Aberdeen Clayhills Carriage Maintenance Depot
- Interactive map of Aberdeen Clayhills Carriage Maintenance Depot

Location
- Location: Aberdeen, Scotland
- Coordinates: 57°08′36″N 2°05′53″W﻿ / ﻿57.143253°N 2.098150°W
- OS grid: NJ941058

Characteristics
- Owner: London North Eastern Railway
- Depot code: AC (1973 -)
- Type: DMU, EMU

History
- Former depot code: 61B (1948 – May 1973)

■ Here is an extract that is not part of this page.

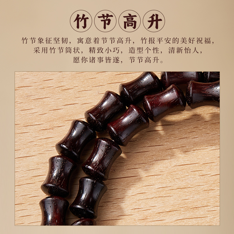 小叶紫檀手串女竹节玛瑙翡翠和田玉双圈中式国风文玩佛珠檀木手链
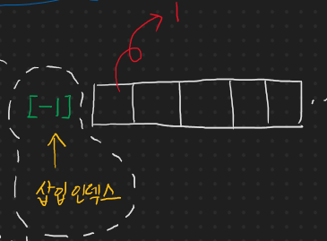 인덱스가 비워져 있는지를 확인하기 위해선 아까 삭제 연산에의 약속대로 삽입 인덱스가 -1인지를 확인하면 된다.

= Aberdeen Clayhills Carriage Maintenance Depot =

Railway maintenance depot in Aberdeen, Scotland

Aberdeen Clayhills Carriage Maintenance Depot is a stabling point located in Aberdeen, Scotland. The depot is situated on the Denburn Valley Line and is located near Aberdeen station.

The depot code is AC.

== History ==
Before their withdrawal from the franchise at the end of 2019, the depot serviced London North Eastern Railway Class 43 High Speed Trains.

== Present ==

As of 2023, Clayhills depot is used for maintaining and stabling long distance locomotive hauled services, more specifically, ScotRail Class 43, High Speed Trains, their respective Mark 3 carriages, Express Sprinters and Class 170 Turbostars, as well as LNER Azumas.